IllegalStateException - if too many records were written for the current inverted list, or if there is no current inverted list.

writeDocumentPointer

public int writeDocumentPointer(OutputBitStream out,
                                int pointer)
                         throws IOException,
                                IllegalStateException
Writes a document pointer.

This method must be called immediately after newDocumentRecord().

Parameters:
out - the output bit stream where the pointer will be written.
pointer - the document pointer.
Returns:
the number of bits written.
Throws:
IOException - if an exception is thrown by the underlying stream.
IllegalStateException

newDocumentRecord

public OutputBitStream newDocumentRecord(int pointer)
                                  throws IOException,
                                         IllegalStateException
Deprecated. Use newDocumentRecord() followed by writeDocumentPointer(OutputBitStream, int).

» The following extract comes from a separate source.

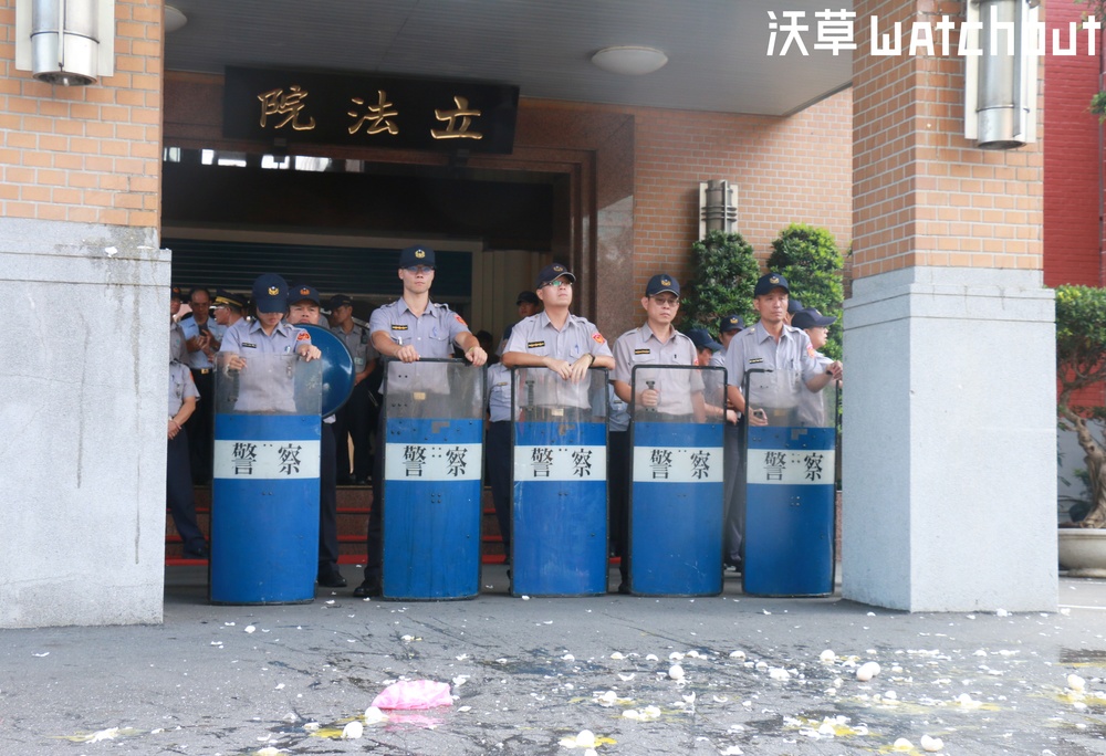 勞團得知一例一休在民進黨團主導下審查通過後,轉往立院大門,丟擲雞蛋表達不滿,現場「蛋」痕累累。

Starts a new document record. This method should be called exactly n times after a call to newInvertedList(n).

Parameters:
pointer - the document pointer (will be written to the bit stream).
Returns:
the OutputBitStream where the next document record should be written.
Throws:
IOException - if an exception is thrown by the underlying stream.
IllegalStateException - if too many records were written for the current inverted list, or if there is no current inverted list.

close

public void close()
           throws IOException,
                  IllegalStateException
Closes the underlying bit stream.

Throws:
IOException - if an exception is thrown by the underlying stream
IllegalStateException - if too few records were written for the previous inverted list.

writePositionCount

public int writePositionCount(OutputBitStream out,
                              int count)
                       throws IOException,
                              IllegalStateException
Writes the count of the occurrences of the current term in the current document to the given OutputBitStream.

Parameters:
out - the output stream where the occurrences should be written.
count - the count.
Returns:
the number of bits written.
Throws:
IOException
IllegalStateException

writeDocumentPositions

public int writeDocumentPositions(OutputBitStream out,
                                  int[] occ,
                                  int offset,
                                  int len,
                                  int docSize)
                           throws IOException,
                                  IllegalStateException
Writes the positions of the occurrences of the current term in the current document to the given OutputBitStream. First the count (number of positions) is written using the specified coding. Then, the specified vector of occurrences is written using the specified coding.

Parameters:
out - the output stream where the occurrences should be written.
occ - the position vector (a sequence of strictly increasing natural numbers).
offset - the first valid entry in occ.
len - the number of valid entries in occ.
docSize - the size of the current document (only for Golomb and interpolative coding; you can safely pass 0 otherwise).
Returns:
the number of bits written.
Throws:
IOException - if an exception is thrown by the underlying stream
IllegalStateException - if there is no current inverted list.

writtenBits

public long writtenBits()
This method returns the overall number of bits written onto the underlying stream.

Returns:
the number of bits written, according to the variables keeping statistical records.

properties

public Properties properties()
This method should only be called after close(). It returns the values for all the properties specified in IndexProperties.

Returns:
the properties specified in IndexProperties along with their values.

flags2String

public static String flags2String(long flags)
This method unpacks the flags, expressed as a long, and returns a string with the compression flags. The string is a pipe-separated sequence of compression flags, as described in CompressionFlags.

Parameters:
flags - the flags.
Returns:
a string corresponding to the given flags.